Susan Brandeis recently retired from full–time teaching at North Carolina State University’s College of Design, where she was Distinguished Professor of Art & Design and a member of the University’s Academy of Outstanding Teachers.  She holds a Master of Science degree in Art Education from Indiana University and a Master of Fine Arts in Textile Design from the University of Kansas.

Her studio practice has focused on large-scale works for the wall in public places.  She continues to investigate hand and machine printing; dyeing; stitched embellishment; the juxtaposition of pattern and color; and the contrasts created through individual and layered materials and textures.  She has sought a personal visual repertoire––a “language”––of materials and techniques to communicate the essence of places of great natural beauty; the tantalizing mysteries of encounters with ancient scripts, petroglyphs, palimpsests, faux text, and symbols; and, images of place captured during travel by rain in the US and UK.

Her artwork has been published in the books Celebrating the Stitch; The Surface Designer’s Art; The Art Quilt; Freestyle Machine Embroidery; and Contemporary Quilt Art; and in leading craft, design, and textile art magazines such as American Craft; Fiberarts; Surface Design Journal; The Design Journal; Embroidery (U.K.); and Textile: The Journal of Cloth and Culture.  The work has been exhibited throughout the United States and in England, Ireland, Finland, Japan, South Korea, the Netherlands, the Philippines, Colombia, the International Biennial of Tapestry (Switzerland), and at The Textile Museum in Washington, DC.  She is represented in numerous private and public collections, including the Renwick Gallery of the Smithsonian.  She has taught summer workshops at Penland School of Crafts (North Carolina); Arrowmont School of Arts and Crafts (Tennessee); the Split Rock Arts Program (University of Minnesota); Haystack Mountain School of Crafts (Maine); and the Oregon College of Arts and Crafts.

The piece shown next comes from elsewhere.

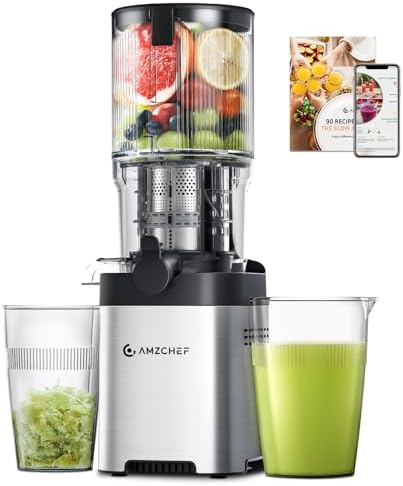 View full detailsAMZCHEF Cold Press Juicer, 5.4" Juicer Machines with Large Feed Chute for Whole Fruits & Vegetables, Stainless Steel Juice Extractor with Large Auger, Triple Strainers, Easy Cleanup & Assembly
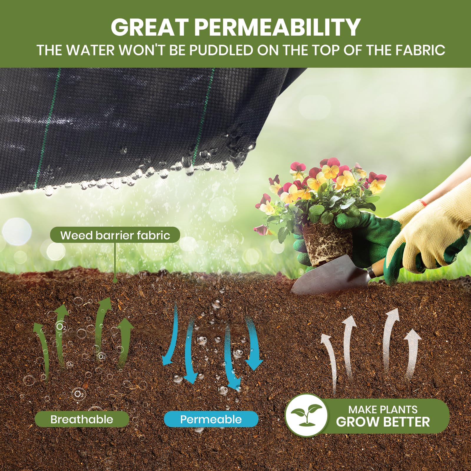 - 【High Permeability & Soil-Friendly】 This landscape fabric offers excellent permeability, allowing air, water, and nutrients to reach plant roots. This promotes healthy plant growth. The black color also minimizes light while effectively curbing weed growth around flower beds, trees, and shrubs

She founded the Southeast Fibers Educators Association and was a three–time Visual Artist Fellow with the North Carolina Department of Cultural Resources.

 

Artist Statement

Making a textile is a kind of magic.  Early in life at home I learned sewing, knitting, crocheting, embroidering, and quilting.  Those experiences planted the seeds that have grown into my passion for making textiles by hand and my understanding of the powerful combination of materials, techniques, skill, craft, imagination, and spirit.

I make textiles because I love the rhythm of repetition and pattern, complex color contrasts, textured relief surfaces, and the feel of the materials in my hand.  I savor the slow meditation of making as an antidote to life’s rush and bustle.  I choose simple, natural materials for their honest liveliness.  I avoid trends to search for an enduring aesthetic.  While the ideas are mine, the work is not about me.  I prefer images and concepts that transcend the personal to touch universal human themes.  Fabric work has become as natural for me as breathing, and its expressions a “language” often more eloquent than speech.

I usually create multiple works in a series to explore and speak more comprehensively ideas. I sometimes use the contrast of panels in a single piece to allow the viewer multiple simultaneous glimpses: close views next to distant ones.  Recent works make reference to books or codices, with layers of marks, texts, and symbols that suggest time, memory, and the vagaries of human communication. I’ve taken my stitching on the road to capture impressions of places on my travels, then turned the same attention to the places I love in and around my own home.

My approach allows me to work with a wide variety both new and found materials, as well as a broad range of textiles techniques, including hand and machine stitching, dyeing, rusting, drawing, and digital printing on fabric.  It is the balance among different technologies, both hand and digital, that makes my current working process satisfying—and still magical.